How To Overcome The Top Regrets Of Dying

During her time as a palliative carer, Bronnie Ware identified what she called the top regrets of dying, which are:

  1. “I wish I’d had the courage to live a life true to myself, not the life others expected of me.”
  2. “I wish I hadn’t worked so hard.”
  3. “I wish I’d had the courage to express my feelings.”
  4. “I wish I had stayed in touch with my friends.”
  5. “I wish that I had let myself be happier.”

In a Ted Talk describing these regrets she says, “Time is a gift. How we choose to use that gift will determine whether we are creating a life of regret or a life of joy, and the choice is ours.” She further states that all of these regrets stem from an individual’s “lack of courage.” For those who want to die regret free, her advice is individual accountability. If one dies with regret, that is one’s own fault.

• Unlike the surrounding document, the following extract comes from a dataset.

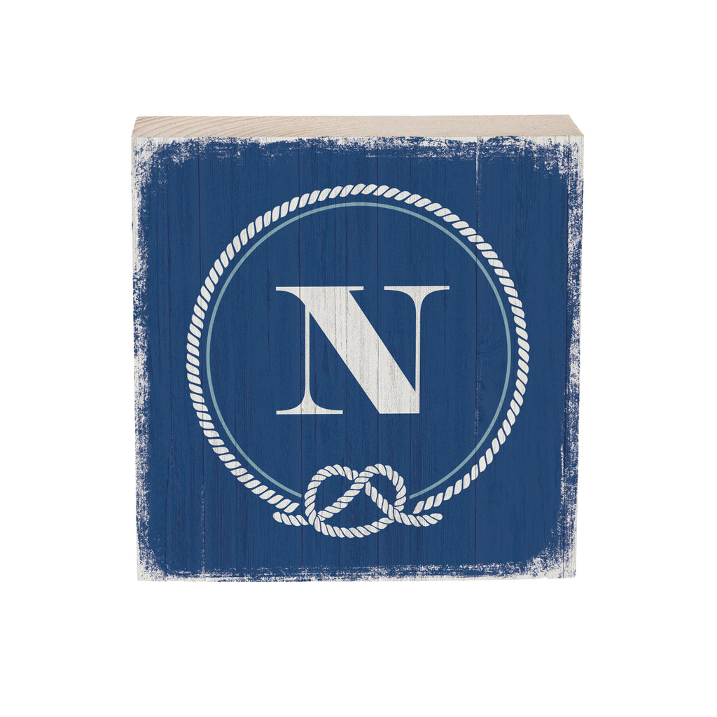 Add a nautical touch to your home with this wooden block featuring a monogram 'N'. Perfect for enhancing any indoor space with its coastal charm.

I think this is the wrong approach.

While we should try to be as purposeful with our lives as we can be, it is not our choices that will save us from regret, but the stories we invent to describe those choices that will make the difference. What makes a decision noble or an experience fulfilling or an event memorable is up for interpretation. Individuals, and more importantly the cultures in which those individuals reside, are what’s responsible for those interpretations. An increase in people dying with regret should be looked at as a failure of creating meaning rather than a failure of individual achievement. 

The ability to decode choices and experiences and place them in the most fulfilling narrative as possible is a skill one must learn. Before learning this skill, we’re subjected to using the narrative we inherit from our culture, and our American culture does not provide realistically attainable values conducive to dying without regret, placing an even higher priority on the skill of meaning-making.

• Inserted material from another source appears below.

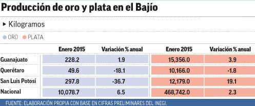 En el caso del oro, Querétaro y San Luis Potosí mostraron fortaleza productiva, ya que en el primer caso el volumen pasó de 38.3 a 49.6 kilogramos, lo que implicó un aumento de 29.5 por ciento; mientras que en la minería potosina pasó de 240.8 a 297.8 kilogramos entre enero de 2014 e igual mes del 2015, cifra que revela un incremento de 23.7 por ciento.

In American culture, success–one of the utmost prized American values–lies squarely on the individual’s shoulders. Meritocracy turns failure from a misfortune to an unquestioning verdict of one’s moral fiber. It’s “fair,” after all, that people get what they “deserve”. So, those who are unhappy must have been lazy or did something wrong; those who are happy must have worked hard and were good. Within this construct one may still be able to derive success on their own terms–individualism being a beneficial American value in this case–but it is an uphill battle against the inexorable drumbeat of America’s version of success which beats into the heads of its citizens that unlimited wealth and infinite physical beauty, both of which are decidedly impossible to acquire, are the foremost measures.  “Live without regrets,” is just one more unobtainable value piled on top of the already anxiety-inducing list.

Rather than encouraging people to “live without regret” based on criteria wholly outside of their control, we should encourage people to incorporate whatever experiences they have had into the most fulfilling narrative possible. This is not unlike the Philosophy of Stoicism’s observation that if you expect the universe to deliver what you want, you are going to be disappointed, but if you embrace whatever the universe gives, then life will be a whole lot more fulfilling.

Rather than allow our culture to decide if our life choices warrant regret by asking, What do I need to do to live without regret; instead ask the question Ernest Becker asked in The Denial of Death: “What is the best illusion under which to live? Or what is the most legitimate foolishness?…the whole question would be answered in terms of how much freedom, dignity and hope a given illusion provides.”

Bronnie Ware said that time was a gift. I agree, however, it’s our ability to create meaning that is the ultimate gift. It is that gift, not time, that will determine whether we are creating a life of regret or a life of joy, and that choice is truly ours.